Codename One is an open-source cross-platform framework aiming to provide write once, run anywhere code for various mobile and desktop operating systems (like Android, iOS, Windows, MacOS, and others). It was created by the co-founders of the Lightweight User Interface Toolkit (LWUIT) project, Chen Fishbein and Shai Almog, and was first announced on January 13, 2012.

Codename One built upon the LWUIT platform abstraction by adding a simulator and a set of cloud-based build servers that build native applications from the Java bytecode.

==Architecture==
Developers using Codename One build their app using various Java IDEs like Eclipse, NetBeans or IntelliJ IDEA; they need the Codename One plugin to be installed on either IDE. Applications can be created either via the GUI builder tool or via code using standard Java. Running/debugging the application is possible via the standard IDE tools and the Codename One simulator.

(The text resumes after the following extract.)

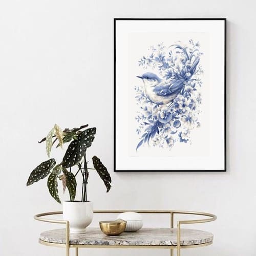 Quadro passarinho azul floral - 60x48cm Cor: moldura preta Informações do produto tire todas as suas dúvidas no descritivo abaixo: decoração para quarto, sala, cozinha, escritório, área gourmet e muito mais. Chega de paredes vazias medidas - cada peça tem 60x48cm . Material do papel - papel fotográfico brilhante de altíssima resolução acabamento - todos os quadros são acompanhados de vidro para proteção da imagem. - moldura em madeira maciça na cor preta ou branca conforme produto escolhido e pendurador. - paspatur branco com 7cm de largura - os quadros são embalados de forma segura com plástico bolha com camada dupla de acordo com o tamanho dos quadros. Garantia - garantia de 3 meses. Meu quadro chegou. Como posso fixá-lo Você precisa apenas de um martelo e um prego, pois os quadros já vão acompanhados de penduradores. Esta é a forma mais indicada. Como posso limpar meu quadro A limpeza é feita como um móvel comum da sua casa. Apenas um pano seco ou espanador são suficientes para tal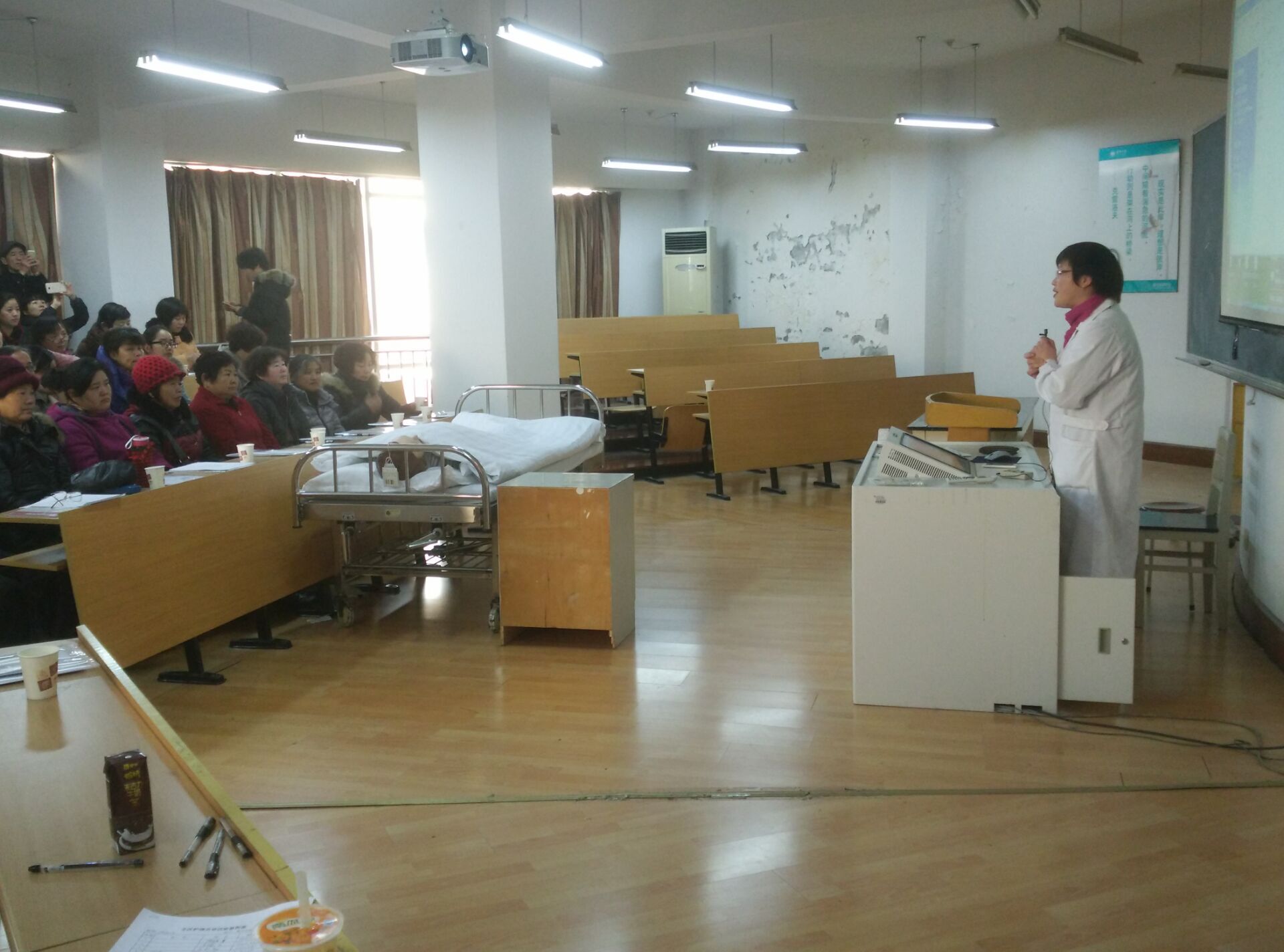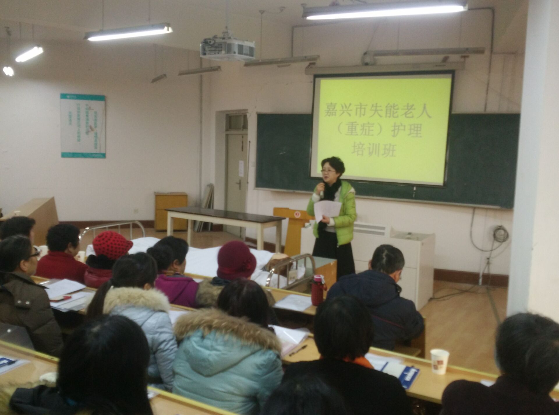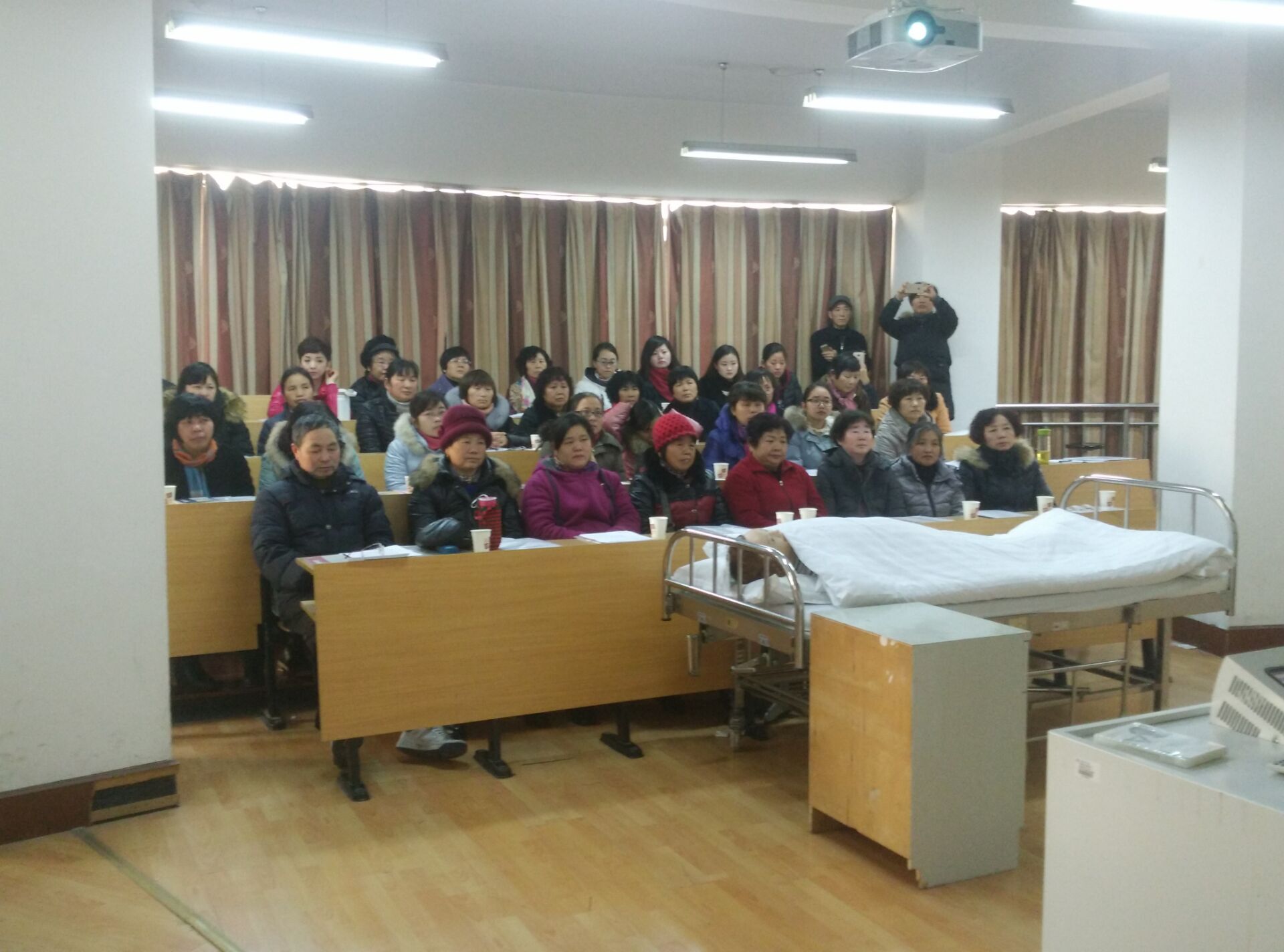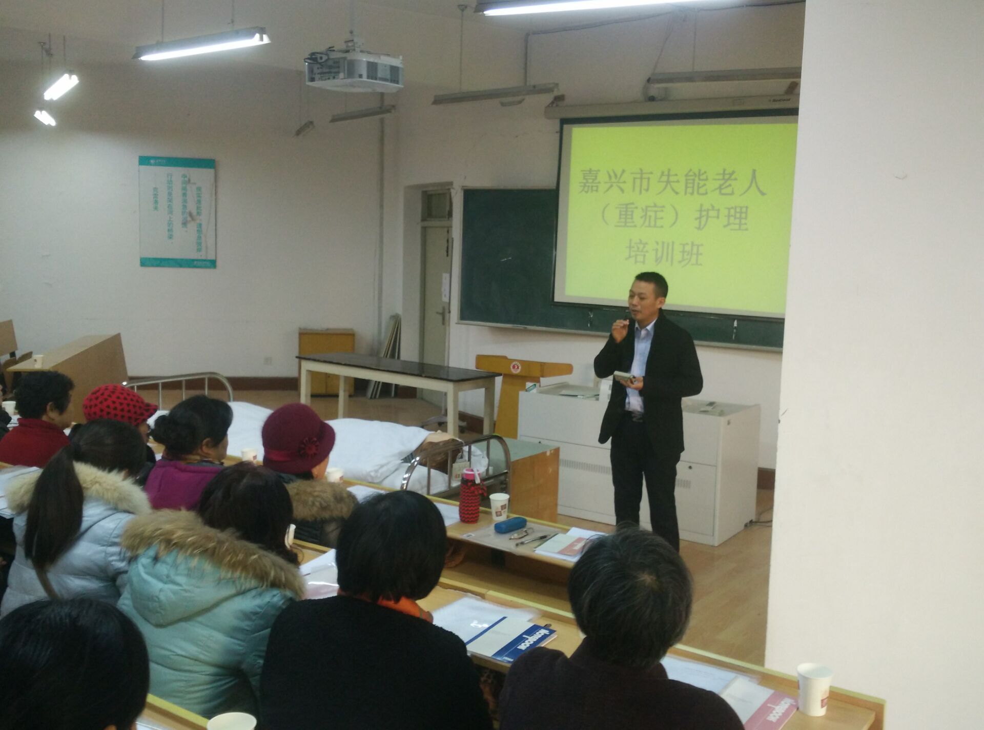 随着人口老龄化的不断加剧,失能老人的家庭越来越多,为更好的服务地方,回报社会,关怀失能老人及其家庭的生活,2016年1月9日,探花av 社会服务部在探花av 实验中心为嘉兴经济技术开发区的社区干部、失能老人家属举办了失能老人家庭护理培班,受到了当地社区和家庭的热烈欢迎,总共有70名学员参加了培训。培训内容主要有口腔护理、床上洗头、床上擦浴、压疮预防护理、大小便失禁的护理、便秘护理、饮食护理、协助翻身法、卧床病人换单法、脑卒中患者良肢位摆放、上下轮椅法。探花av 派出了优秀师资力量,同时提供了实验室给学员进行操作学习,有理论讲解和模拟真人的示教操作演练。学员们学的非常认真。培训结束后,学员们纷纷表示此次培训收获非常大,社会非常需要这方面的培训。

To build a native application, developers sign in and register with the Codename One build server. They then send builds to the cloud based build server. Then they can download the native app from the build server to run on the device or submit it to the store. Since the build server performs static translation of the code into a native application, it is no longer required after the application has been compiled.

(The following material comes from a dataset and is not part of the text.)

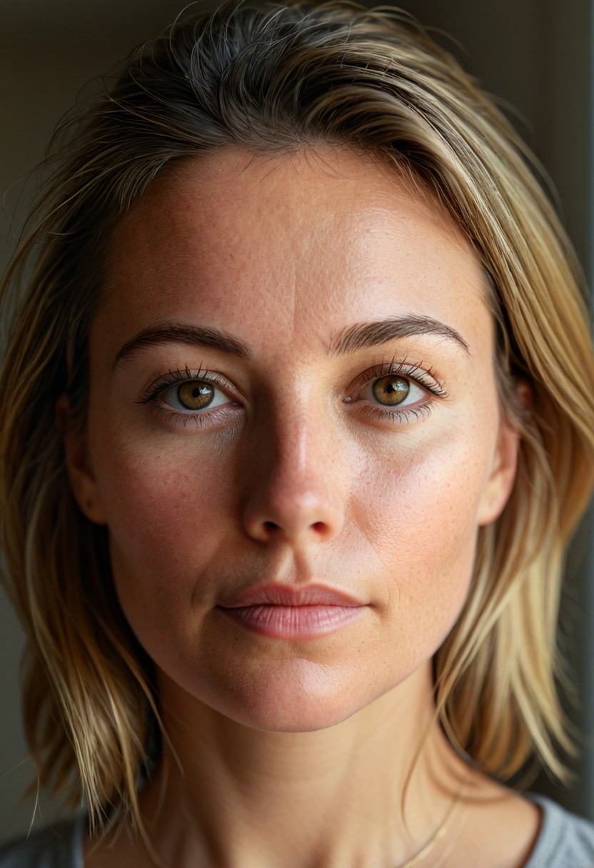 "Capture an ultra-realistic, hyper-detailed 8K portrait of a 40-year-old woman with natural skin, minimal makeup, and an authentic expression. The subject is illuminated by soft, natural window light, creating gentle shadows and a warm atmosphere. Photographed with a Nikon D5300 and a 50mm f/1.8 lens, ensuring crisp detail and shallow depth of field. Every pore, hair strand, and subtle skin imperfection is rendered with lifelike precision. The lighting mimics golden-hour tones, casting a cinematic glow across her face while maintaining a true-to-life balance of highlights and shadows."

Codename One also supports the ability to use an offline "in-house" build cloud, which removes the use of Codename One build servers completely.

==Native==
The developers of Codename One define the platform as a native code generator but clarify that native widgets are usually not used to render the user interfaces of Codename One applications. This allows for great portability but has also come under fire from some critics of the lightweight approach.

==Open source==
The Codename One project is a combination of open source and software as a service. Most of the client-side code is open source, including the iOS, Android, Windows, JavaScript, RIM and J2ME ports. The server build code and the Codename One LIVE! Tool are proprietary.

==Community==
Codename One claimed 200,000 downloads of its SDK as of release 1.1 on May 20, 2013. It has since released version 3.0 and claims 180 million applications installed on devices and 40,000 developers using the tool.